Komdigi menilai narasi yang dibangun dalam video tersebut merupakan bentuk provokasi. Pemerintah khawatir konten semacam itu berpotensi memecah belah bangsa dan mengaburkan fakta yang sebenarnya terjadi.
Posisi Pemerintah
Pemerintah menegaskan bahwa isi video memuat serangan personal tanpa dasar fakta yang kuat. Komdigi juga menekankan bahwa ruang digital seharusnya menjadi tempat adu gagasan yang sehat dan konstruktif, bukan sarana untuk menyebarkan kebencian atau melakukan serangan terhadap martabat individu.
Berdasarkan penilaian ini, Komdigi mengumumkan akan mengambil langkah hukum terhadap pihak yang terlibat dalam pembuatan maupun distribusi konten. Tindakan hukum tersebut dinilai relevan dengan ketentuan dalam Undang-Undang Informasi dan Transaksi Elektronik (UU ITE) Nomor 1 Tahun 2024, khususnya Pasal 27A dan Pasal 28 ayat (2), yang mengatur tentang penodaan nama baik dan penyebaran informasi palsu.
Dampak dan Implikasi
Tindakan tegas Komdigi ini menunjukkan komitmen pemerintah dalam menjaga integritas informasi di ruang digital dan mencegah penyebaran konten yang dapat merusak kohesi sosial.
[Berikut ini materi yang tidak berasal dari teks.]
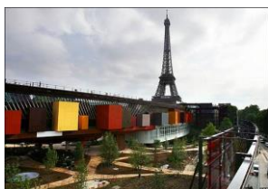
Le Musée du Quai Branly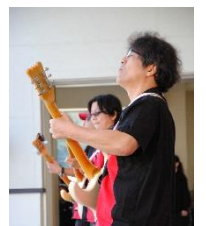
やっぱりベンチャーズはいいなあ！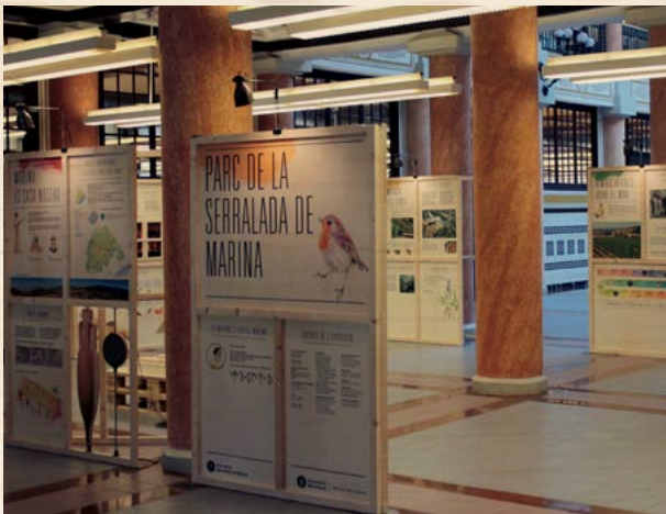
Exposició El Parc de la Serralada de Marina

Parc de la Serralada de Marina és una exposició en què la Marina, una jove laietana que va viure en el poblat ibèric de les Maleses, ens descriu els diversos aspectes del Parc, des del paisatge, la vegetació i la fauna, fins als objectius que cal tenir en compte per protegir-lo i garantir-ne un ús públic respectuós.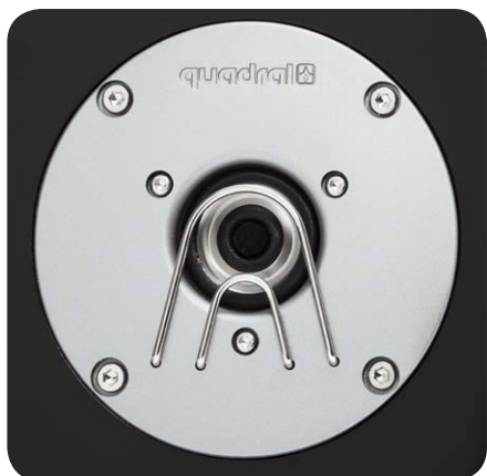
Der Hochtöner besitzt zwei Metallbügel, um die empfindliche Abstrahlfläche zu schützen

der Kunststoff-Frontplatte verbunden und können nicht abgenommen werden. Für die effektvolle Tiefbasswiedergabe in einem Heimkino ist der Subwoofer zuständig. In dem hier vorstelligen Quadral-Set sorgt der Qube 10 Aktiv für die Langwellenwandlung. Wie der Name vermuten lässt, arbeitet der würfelförmige Tieftonlautsprecher über einen zehn Zoll großen Konustöner. Dieser wirkt in einem Bassreflexgehäuse und strahlt nach unten, gegen die Stellfläche ab. Um den korrekten Abstand zum Boden sicherzustellen, thront der Qube 10 auf kantigen dicken Füßen. Das auf der Rückseite eingelassene Aktivmodul beherbergt eine digitale Endstufe mit 280 Watt Leistung sowie alle wichtigen Regler und Anschlüsse. So ist neben dem obligatorischen Lautstärken- und Trennfrequenzregler ein Phasenschalter zur Laufzeitkorrektur vorhanden. Für den Anschluss an einen Stereoverstärker ohne Niederpegel-Ausgänge stehen zwei Paar Kabelanschlussklemmen zur Verfügung. Eine stromsparende Bereitschaftsschaltung rundet den Ausstattungsumfang ab.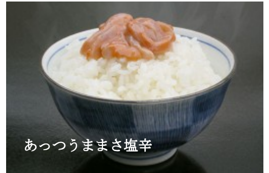
あつつうままさ塩辛

表示を見ると110gという小さなビンに17gくらいの塩が入っていました。そういえば小さい時に塩引きといってご飯の上に、思いっきり塩辛い鮭の身をほぐして水をかけてお茶漬けのようにして食べた記憶があります。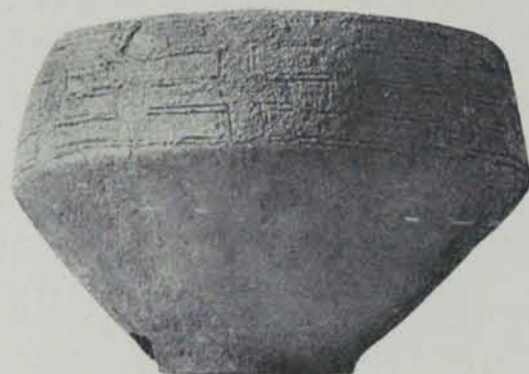
Fig. 33. — Vas de Vilars (Botet)

A Terrassa (fig. 29) i a Sabadell (4) es troben vasos de forma més o menys ovoidia i amb una vora sortint cap enfora, semblants als tipus italians de la cultura de Vilanova. En aquests vasos s'hi troben incisions de meandres.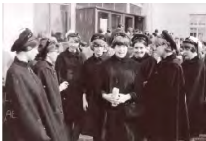
LIIIIb:s lärda abiturienter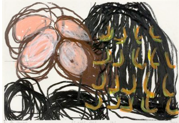
La bête noire de la phénoménologie, 2009, pastel à la cire sur papier, 50 x 70 cm

Cette expression parfois violente et inquiète trouve presque naturellement sa source dans la confrontation avec d'autres cultures occidentales, souvent anciennes, plus particulièrement dans l'éblouissement hispanique, de même qu'elle transcrit les épreuves traversées, pour s'ouvrir avec les « stèles » récentes sur un espace plus apaisé.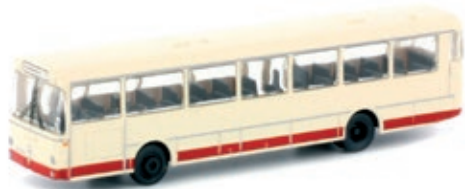
LC4019 Mercedes-Benz O 307, neutral beige UVP 21,95 €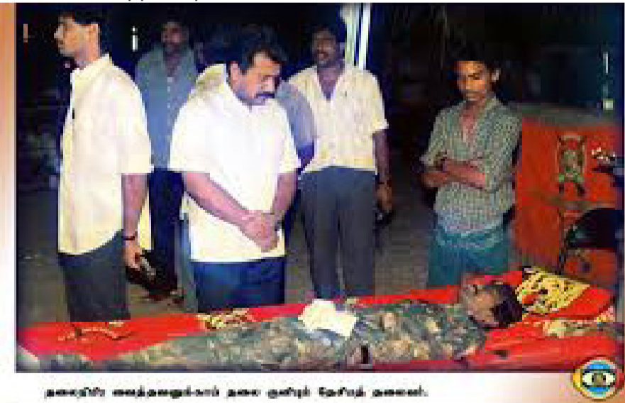
தனது தந்தை அவர்களுடன் தலை குனிந்து பேசும் அவர்கள்.

இயலாத தன்மைகளுக்கு எதிராகத் தூய்மை போடப்பயன்படுத்தப்பட்டன. இப்படியான தூண்டுதல்களுக்குத்தானா இவை நடத்தப்படுகின்றன என்ற சந்தேகங்களும் இந்தியப் பகுதிகளுக்கு வலுவாக இருந்தன.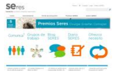
Web de la Fundación SERES

Fundación Gizakia abre de este modo una vía más para dar a conocer proyectos de interés general, así como un nuevo cauce de comunicación con potenciales entidades colaboradoras en los mismos.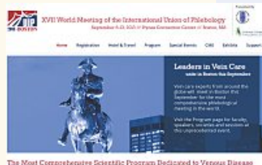
The Most Comprehensive Scientific Program Dedicated to Venous Disease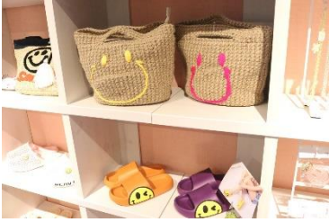
上：にこちゃんバッグ 5,000 円 下：にこちゃんサンダル 2,500 円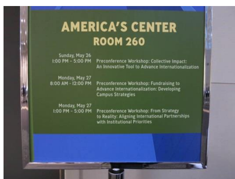
大會的研討會行程表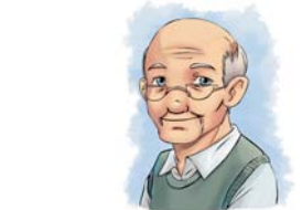
Opa spendet zusätzlich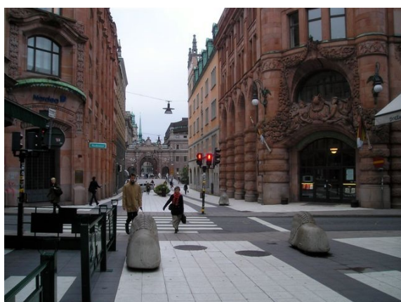
Attractivité des parcours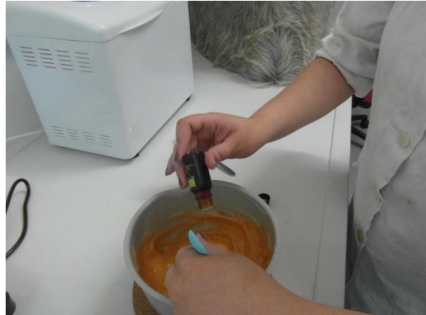
Slika 19.: Dodavanje eteričnog ulja (limun)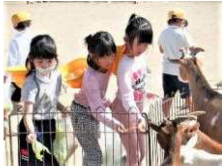
(動物たちに餌やり)

9月29日(木)に、ふれあい動物園を開催しました。アヒル、モルモット、ヤギ、ヒツジ、ウマなどたくさんの動物がエデン牧場からやって来ました。幼稚園・1~3年生の子どもたちは、動物たちを触ったり、ウマに乗せてもらったり、心音を聞かせてもらいました。その後、持ってきた野菜を動物たちに食べさせる等、動物たちと楽しい時間を過ごすことができました。「命の教育」の一環として取り組んだふれあい動物園、子ども達にとって大変良い体験となりました。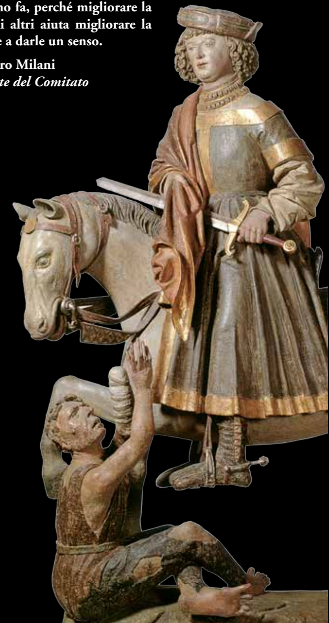
Artista svevo del XV secolo San Martino a cavallo 1470 circa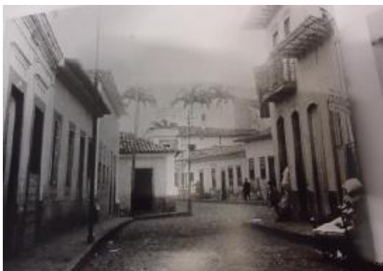
Formação dos primeiros processos administrativos da Vila Real do Senhor Bom Jesus de Cuiabá.

Depois, rumou para Fortaleza e daí para Sergipe, para onde fora designado para comandar o 28° B.C., isto em 1924. Sua atividade em Aracaju foi muito grande, com conferências, artigos em jornais, visitas etc., animando sobremaneira o meio espírita aracajuano. Como comandante, tornou-se bastante querido, do soldado raso ao oficial superior. Em 1926, adoeceu gravemente, ficando resolvido seu recolhimento ao Hospital São Sebastião, em Salvador, quando as suas forças não mais lhe permitiam levantar-se do leito.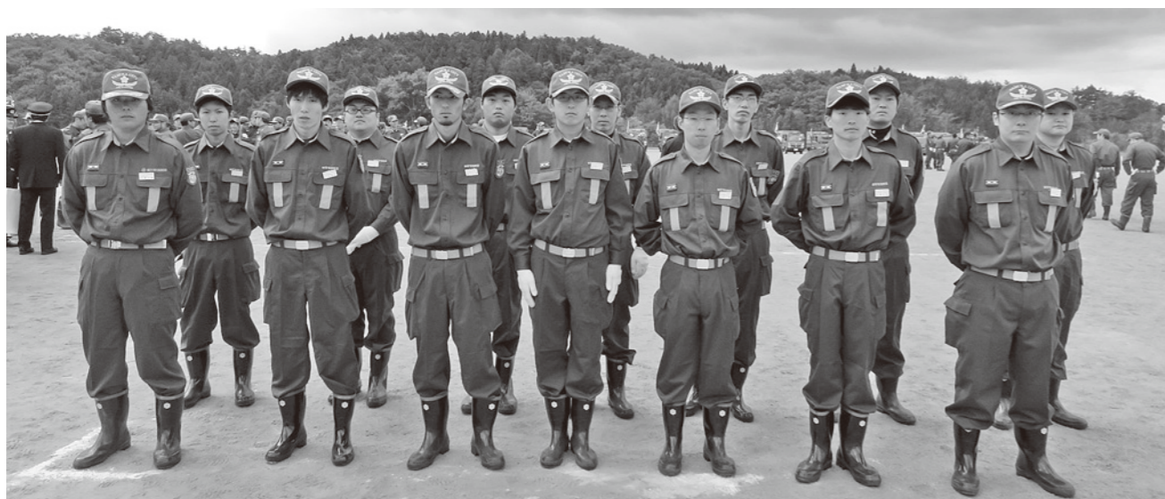
▲船引地区隊秋季検閲(昨年10月23日)に参加した新入団員

入団を希望する方は、お近くの消防団員または生活環境課 (☎ 81-2272) までご連絡ください。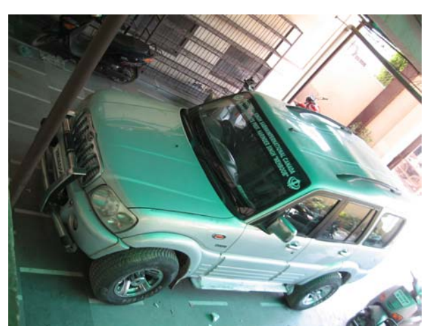
An overview of the vehicle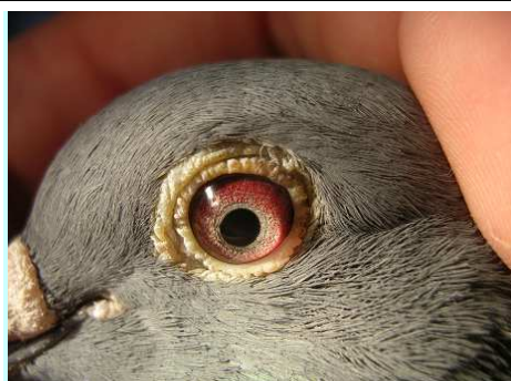
Fot. 4: oko zdrowe (tego samego gołębia).

Jedyną metodą pewnego potwierdzenia choroby jest badanie bakteriologiczne, pozwalające na wyhodowanie pałeczek salmonelli i wykonanie antybiotykoogramu, który pomoże dobrać najbardziej skuteczny lek w walce z chorobą.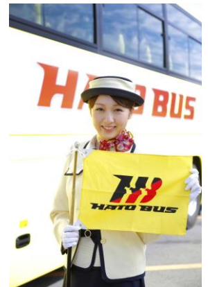
第5代イメージガール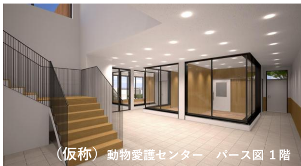
(仮称) 動物愛護センター パース図 1階

■ 保健福祉局長 譲渡促進を図るための、 馴化部屋の設置、ガラス越しに譲渡対象の猫を目にすることが出来る部屋をエントランスに配置 するほか、収容環境の改善として、犬猫の収容スペースの分離や空調設備の設置などを行う。 猫の収容頭数も拡充 するとともに、多頭飼育問題や災害時対応など、近年多様化する課題にも対応可能な設計としている。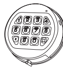
3750-K Runde EEH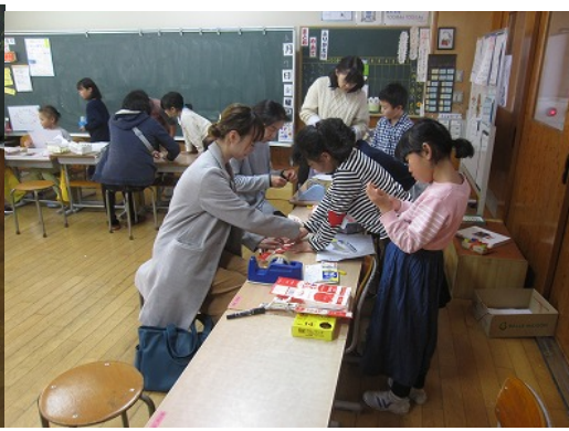
1年生「すきなもののクイズ」を作り、紹介してます。 2年生「おもちゃ教室」親子で夢中ですね。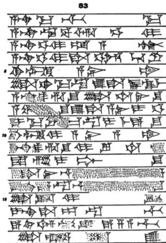
Fig. 5 : YOS IX 83, un des duplicatas de VAS I 54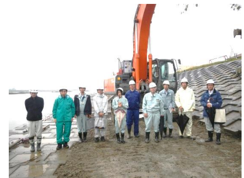
現場研修参加の皆さん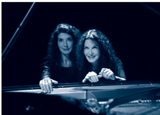
Katia et Marielle Labèque

Avant-propos autour de Pierre Boulez par Bertrand Chamayou, 18:00 Espace Malraux, entrée libre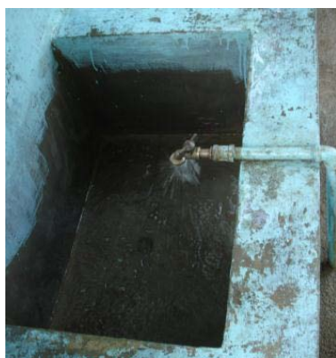
Foto 4 Llave dañado y goteando en una de las pilas escolares

Las escuelas tienen sus llaves y pilas como conexión al sistema de agua comunitario. La escuela, como cualquier otro usuario es responsable de asegurar que no haya fugas en su conexión y cambiar las llaves cuando sea necesario. Obviamente, en una escuela es más difícil realizar este cuidado, sobre todo cuando niños dejan las llaves abiertas, y con un uso tan intensivo llaves y pilas se dañan con mayor frecuencia que en un hogar. De hecho, durante la visita a la escuela de Platanares se pudieron observar fugas en una de las llaves sin que hubieran sido reportadas al fontanero.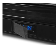
Beskyttende afskærmning af termostat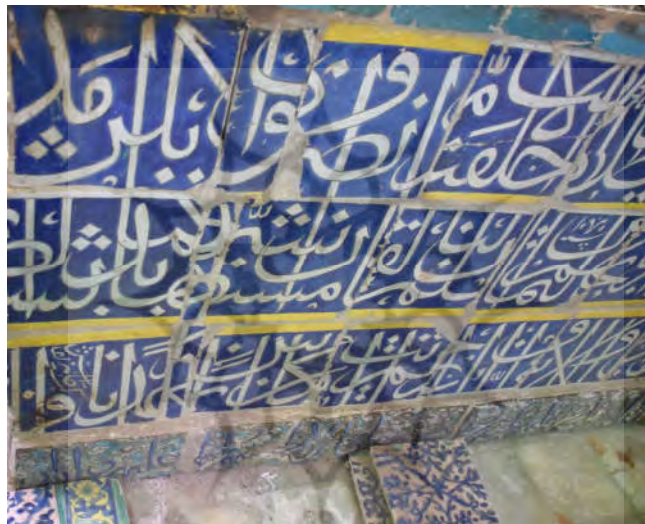
تصویر ۲: صندوق مزار بقعه حبیب بن موسی در کاشان

Watson, 1985: 136-138) و اکنون جای آن با کاشی‌های هفت‌رنگ دوره صفوی پر شده است. این کاشی‌ها عموماً نقوش گیاهی دارند و به‌صورت نامنظم و فقط به‌عنوان پوشش روی صندوق را فرش کرده‌اند. در جداره‌های چهار طرف، کتیبه‌هایی از کاشی زرین‌فام حاوی آیات قرآن در دو ردیف (یکی در پایین و دیگری در بالا) وجود دارد که کتیبه پایینی حفظ شده ولی بخشی از کتیبه بالایی در جهت شمالی از بین رفته است. ۹ سه جانب صندوق با کاشی‌های زرین‌فام ستاره‌ای شش‌پر و شش‌ضلعی و یا هشت‌پر و چلیپایی پوشیده شده است. بخش عمده‌ای از جداره جهت شمالی صندوق با کاشی‌هایی پوشانده شده که مورد نظر ما و کار شده توسط طاهر نقاش است. البته چند قطعه از کاشی‌های طاهر روی صندوق هم وجود دارد (تصویر ۴).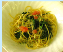
あおもり丸ごと菜園風スパゲティ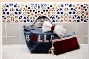
座席シートを使用した バッグとポーチ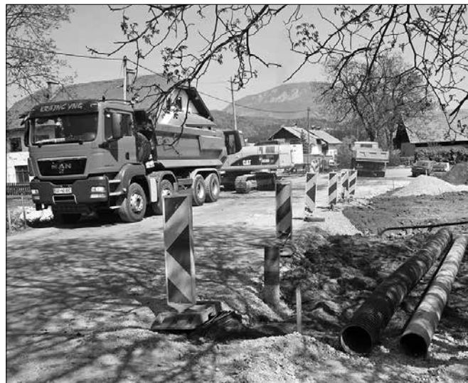
Dela na cesti skozi Bočno so v polnem zamahu.

Na regionalni cesti Nazarje-Gornji Grad so nedavno pričeli z rekonstrukcijo odseka skozi Bočno. Zaradi tega je tam promet delno oviran. Hkrati bodo napeljali tudi kanalizacijo, v Bočni pa prenavljajo tudi cesto Kropa-Otok.

Langkah ini juga menjadi sinyal bagi publik tentang batasan dalam menyebarkan konten yang bersifat provokasi dan bermuatan kebencian di platform digital.
Kasus ini sekaligus menjadi reminder bagi semua pihak bahwa kebebasan berekspresi di era digital harus tetap diimbangi dengan tanggung jawab hukum dan etika jurnalistik, khususnya dalam verifikasi fakta sebelum menyebarkan informasi kepada publik.